Title :
Optimized very fast decision tree with balanced classification accuracy and compact tree size
Author :
Yang, Hang ; Fong, Simon
Author_Institution :
Fac. of Sci. & Technol., Univ. of Macau, Macau, China
Abstract :
Very Fast Decision Tree (VFDT) in data stream mining has been widely studied for more than a decade. VFDT in essence can mine over a portion of an unbounded data stream at a time, and the structure of the decision tree gets updated whenever new data feed in; hence it can predict better upon the input of fresh data. Inherent from traditional decision trees that use information gains for tree induction, VFDT may suffer the same over-fitting problem where noise in the training data leads to excessive tree branches therefore decline in prediction accuracy.
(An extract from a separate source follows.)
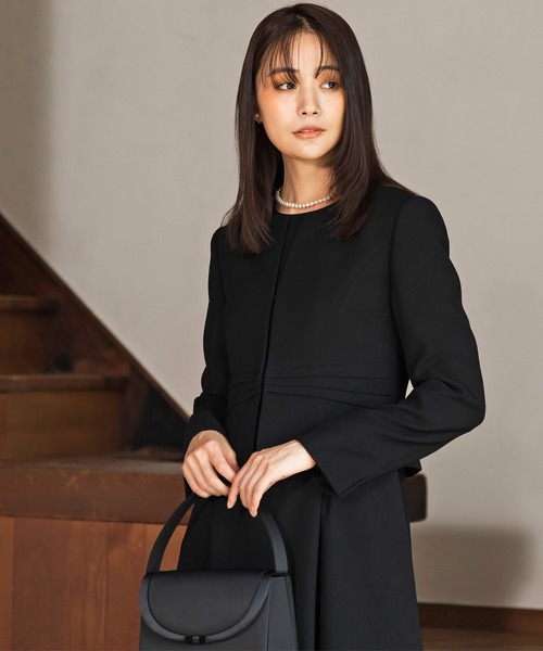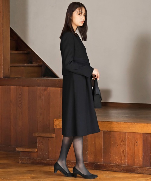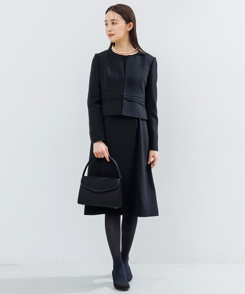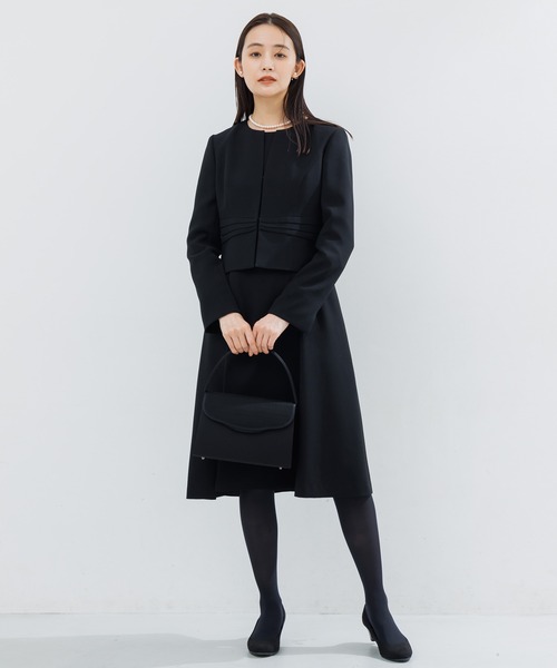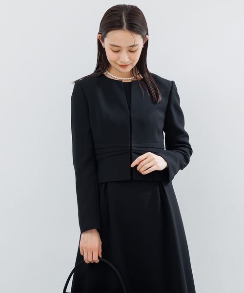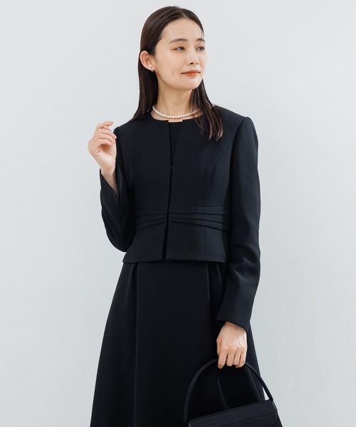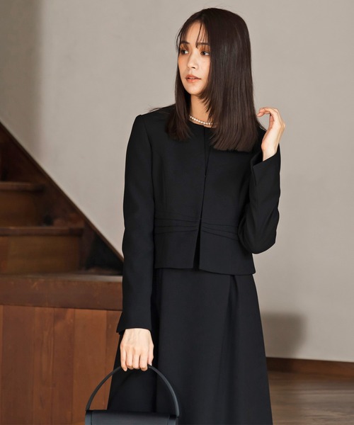 【WEB限定】【喪服】【洗える】ノーカラー&フレアワンピース ブラックフォーマルセットアップスーツ<大きいサイズ有>/卒業式(卒園式)入学式(入園式)七五三・お宮参り

This problem is aggravated in stream mining because limited run-time memory (for storing the whole decision tree) and reasonable accuracy are often the criteria for implementing VFDT. Post-pruning that was a popular technique used in traditional decision tree to keep the tree size in check, however may not be applicable for VFDT in situ. In this paper a new model that extends from VFDT called Optimized VFDT is proposed, for controlling the tree size while sustaining good prediction accuracy. This is enabled by using an adaptive threshold tie and incremental pruning in tree induction. Experimental results show that an optimal ratio of tree size and accuracy can be achieved by OVFDT.
Keywords :
data mining; decision trees; pattern classification; classification accuracy; data stream mining; incremental pruning; information gain; optimized VFDT model; post-pruning technique; tree induction; very fast decision tree; Accuracy; Data mining; Decision trees; Estimation; Measurement; Noise; Optimization; Incremental Optimization; OVFDT; Stream Mining; Tree Pruning; Very Fast Decision Tree;
Conference_Titel :
Data Mining and Intelligent Information Technology Applications (ICMiA), 2011 3rd International Conference on
Conference_Location :
Macao
Print_ISBN :
978-1-4673-0231-9